Janis Papanagnou <janis_papanagnou+ng@hotmail.com>:
How would the main function look like that I could embed in my call to
make a numerically sorted list. Say, something like, for example,
viewer $( p_sort P*.HTM )
where p_sort would be the Python code. - Note: this is no appropriate
solution since it would anyway not work correctly for file names with
embedded blanks and newlines. I just want to get a closer
understanding how you think this would be usable in shell (or from
shell). Thanks.
If ‘p_sort’ is designed to output the sorted file names separated by an ASCII NUL character rather than a newline then, using the GNU version of ‘xargs’, one can feed that output into ‘xargs’:
{
p_sort P*.HTM 3<&- |
xargs --null --no-run-if-empty -- sh -c \
'exec 0<&3 3<&- "$@"' sh \
viewer
} 3<&0
This will avoid the problems with funny characters (including blanks and linefeeds) in filenames processed by the shell.

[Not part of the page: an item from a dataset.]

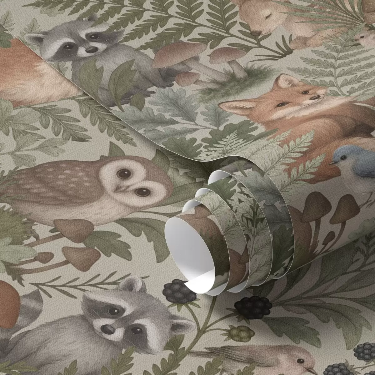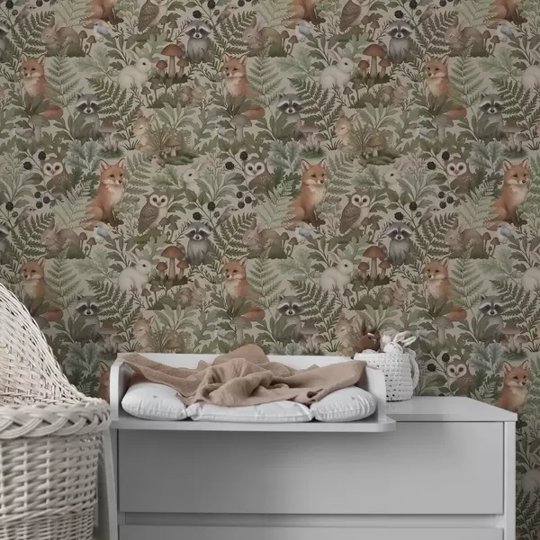 Тапет Горски животни, папрати и гъби на светлобежов фон Nr. a00880v1

On Sun, 16 Jun 2024 11:48:25 +0200, Janis Papanagnou wrote:
How would the main function look like that I could embed in my call to
make a numerically sorted list.
That’s what the code I posted does.
On Mon, 17 Jun 2024 08:32:21 +0200, Janis Papanagnou wrote:
... I've got the impression that it rather sorts only the
_hard-coded data_ ...
So get the data from the usual sources, e.g. os.listdir().
Anyway. Don't bother.
I can only lead the horse to water, I cannot make you drink.
... I've got the impression that it rather sorts only the
_hard-coded data_ ...
Anyway. Don't bother.
IOW; I'd have to learn Python completely to understand your code and get
the details properly.
In the present form it's just useless and off-topic here. But as said,
don't bother.
On Mon, 17 Jun 2024 09:44:55 +0200, Janis Papanagnou wrote:
IOW; I'd have to learn Python completely to understand your code and get
the details properly.
I give you a fish, you eat for a day. You learn to fish, you eat for a >lifetime.

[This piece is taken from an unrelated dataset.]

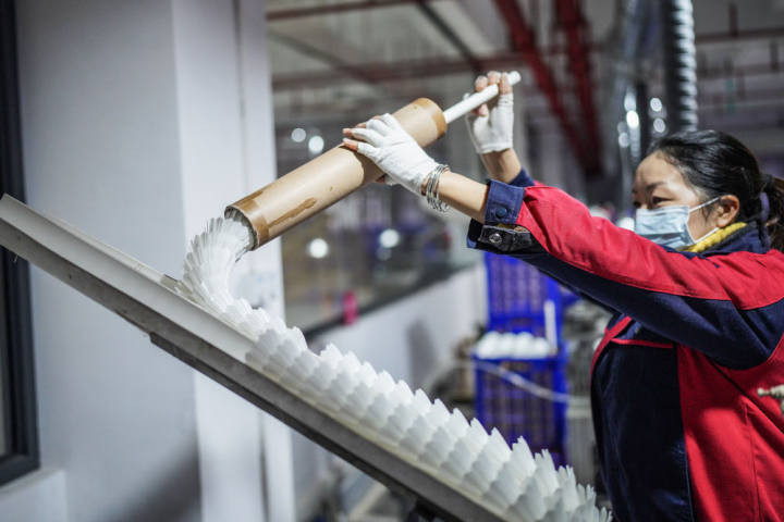 在生产车间参观时,记者看到,工厂内设有洗毛、晒毛、排毛、插头、烘干、滴胶等车间,一个成品羽毛球的生产工序多达38道。绝大多数工人以当地女性为主,她们在不同岗位上,与机器紧密协作,保证着羽毛球的质量。

In the present form it's just useless and off-topic here. But as said,
don't bother.
Have you received a better offer yet?
If ‘p_sort’ is designed to output the sorted file names separated
by an ASCII NUL character rather than a newline then, using the
GNU version of ‘xargs’, one can feed that output into ‘xargs’:
{
p_sort P*.HTM 3<&- |
xargs --null --no-run-if-empty -- sh -c \
'exec 0<&3 3<&- "$@"' sh \
viewer
} 3<&0
I'm using ksh here...
I can set the shell parameters in numerical order
$ set {1..100}
then sort them _lexicographically_
$ set -s
Or do both in one
$ set -s {1..100}
I haven't found anything to sort them _numerically_ in shell.

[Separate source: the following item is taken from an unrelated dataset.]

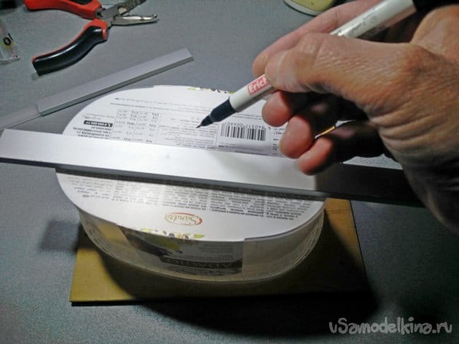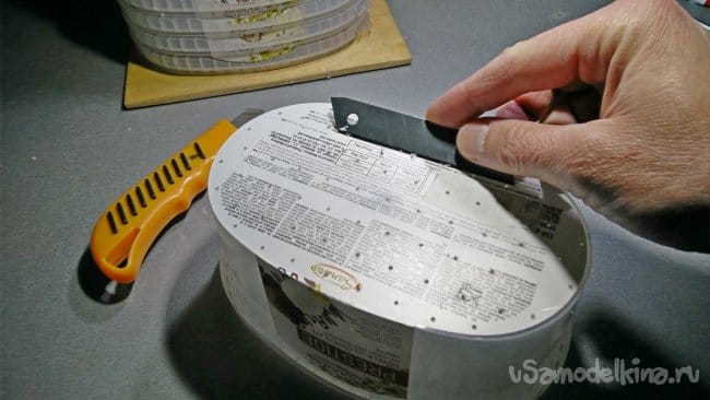 Далее, обрисовать контур контейнера и разрезать бумагу ножницами.

What I'm trying to do is iterating over files, say,
P1.HTM P10.HTM P11.HTM P2.HTM P3.HTM P4.HTM P5.HTM P6.HTM P7.HTM
P8.HTM P9.HTM
in numerical order.
Setting the files as shell arguments with P*.HTM will also produce lexicographical order.
The preceding files are just samples. It should work also if the
numbers are non-consecutive (say, 2, 10, 10000, 3333333) so that
iterating using a for-loop and building the list is not an option.
(Ideally I'd also like to handle names with two numbers "A35P56.txt"
and irregular string components (lowercase, say, "page310ch1.txt"),
but that's just a nice-to-have. - I might make use of 'sort'?)
But the primary question is; how to organize/iterate the arguments *numerically* _in shell_? (If that's possible in some simple way.)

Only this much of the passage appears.